White Chair on Purple
24 X 11.75

 

Schuessler
 

The paintings by Kim Schuessler are joyously kooky. Figures that recall the flapper-era images by Al Held sport about in the sunshine and under umbrellas , strolling and dancing with abandon. Silly little cars stare at the viewer like jelly beans with eyes, and furniture assumes comfortable personalities. To the casual eyes, these works have a child-like quality that might tempt those with really gifted children to strip their refrigerators and hang offspring art throughout the house. Of course, Schuessler’s paintings are more than childish patterns. Along with sunny colors and coltish anatomical exaggerations, she employs scribbled words as information and as non-verbal decorative elements. Her work offers the delectable quality of a dessert concoction.

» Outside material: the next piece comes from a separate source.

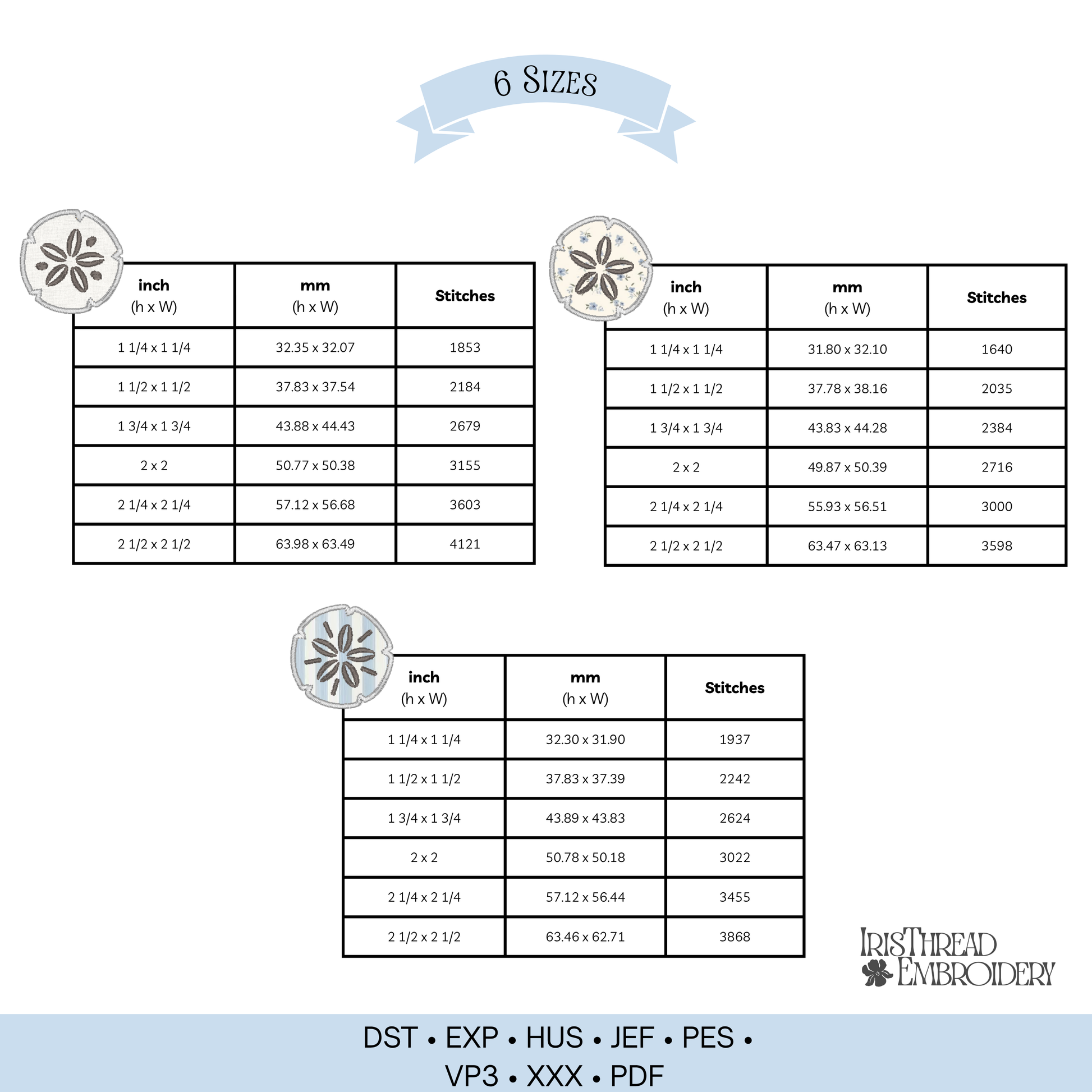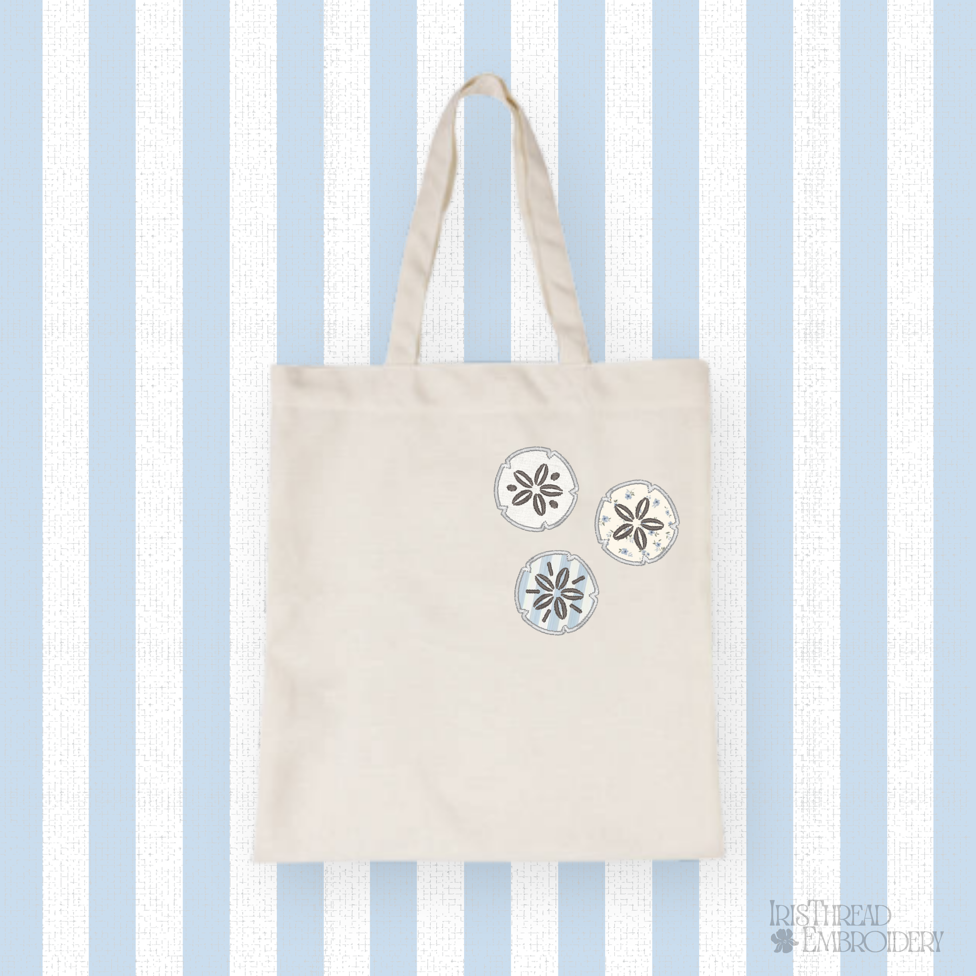 This soft and simple sand dollar design brings a touch of coastal calm to your stitching. It works well with lightweight fabrics and gives you the option to play with textures and prints using appliqué.

Kim Schuessler has developed a whimsical style that can be called kooky in the Al Held cartoon manner, a way of painting charming and slightly ditzy figures. One can sense the sap rising from the firmly rooted feet of her figures, their tree trunk-like figures often topped by umbrellas. The very awkwardness of these youthful doll-like figures suggests spring, the discovery of love and the innocent, lubberly testing of youthful passion. While there are several works that depict row houses and sets of chairs, the figure paintings dominate this witty and guileless excursion into the utterly cute.